Le document, tiré de la bougie vacillait élevé sur, et sursauta comme le reflet de la flamme sur le visage du cadavre d'avant en arrière et a joué, quand touché les muscles et les mots détimbrées vieille langue était, de sorte que la situé à distance serviteurs profonde horreur et consternation sont arrivés1.

Une aberration visuelle expliquée, débouche sur une aberration sonore certes explicable au premier degré, mais qui en dit peut-être plus long qu'on ne pourrait le penser de prime abord: c'est comme si le vieux Roderich voulait parler et dire par exemple qu'il désavoue la liaison de son fils avec une jeune femme suisse parce qu'elle n'appartient pas à la noblesse germanique

p.81: le père redoutait la ruine de la fondation du majorat et voyait en Julie une émanation du diable.
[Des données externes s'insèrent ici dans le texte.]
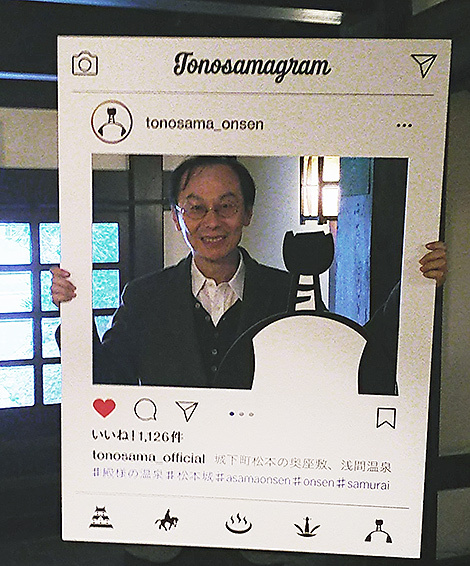 浅間温泉の宿にHPの打ち合わせで伺ったら、InstagramをもじったTonosamagramの撮影ボードがありました。

Grâce à l'étude de la relation entre le temps de la fiction et le temps de la narration, on constate immédiatement - en laissant de côté le bref épilogue de la nouvelle - que le second récit s'achève sur l'explication de l'énigmatique disparition de Seraphine, qui, à deux ou trois pages près, clôturait le premier récit. "Il se trouve que je

ne verrai plus Seraphim à nouveau", disait Theodor de manière laconique en laissant le

lecteur "sur sa faim"; la fin du second récit lui narre les circonstances de la mort de la jeune femme.
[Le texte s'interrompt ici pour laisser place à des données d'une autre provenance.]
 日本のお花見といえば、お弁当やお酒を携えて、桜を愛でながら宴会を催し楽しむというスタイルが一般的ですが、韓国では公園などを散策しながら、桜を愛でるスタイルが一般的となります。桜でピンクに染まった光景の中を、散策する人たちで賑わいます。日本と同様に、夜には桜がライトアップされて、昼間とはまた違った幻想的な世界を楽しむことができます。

Ceci a pour conséquence que, vers la fin de la seconde histoire, l'accent est mis sur la trame événementielle et que le narrateur disparaît quasiment en tant qu'actant du premier récit. Il n'est plus là que comme auditeur du récit de son oncle afin que le lecteur prenne connaissance des faits en même temps que lui. C'est une pure instance de réception de la fiction. Voici pourquoi Theodor (le narrateur de la nouvelle dans son intégralité), reprenant en main la conduite du récit pour à peine deux pages, s'étend si peu sur le chagrin qu'il devrait ressentir à l'annonce de cette mort - surtout en tant qu'archétype du personnage romantique hypersensible. Les évènements formant la substance du premier récit sont quasiment éludés, les transitions sont brutales: " Alors l'oncle rugueux dit tout, maintenant il a pris ma main...". Puis, à peine une quinzaine de lignes plus bas, après une énorme compression du temps de la narration, on trouve l'épilogue situé après la mort de l'oncle de Theodor.Les procédés peuvent sembler manquer de finesse mais, formellement, pour reprendre l'expression populaire: "la boucle est bouclée". Sur ce point donc, la composition est irréprochable.
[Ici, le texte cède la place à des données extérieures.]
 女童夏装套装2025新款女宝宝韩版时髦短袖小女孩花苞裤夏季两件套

II.3.4. La narration tambour battant

Il n'en va pas de même de l'organisation interne du récit. On dirait qu'Hoffmann a voulu mener la narration tambour battant, tout au moins à la fin de la nouvelle. Nous précisons " à la fin de la nouvelle" car la narration des évènements subit des variations de tempo considérables: accélération un peu intempestive après la chute de Wolfgang au fond du gouffre, qui va jusqu'au résumé pur et simple; longues pauses descriptives lors des scènes de rapprochement amoureux auprès du pianoforte ou explications juridiques "à rallonge" concernant la problématique du majorat.

Avant toute chose, c'est l'absence de structuration du récit qui frappe. Le texte est extrêmement compact, touffu. Il y a dilution de la forme en une sorte de continuum, émiettement des évènements qui semblent échapper à toute hiérarchisation. C'est là que réside le désordre et non pas dans le temps.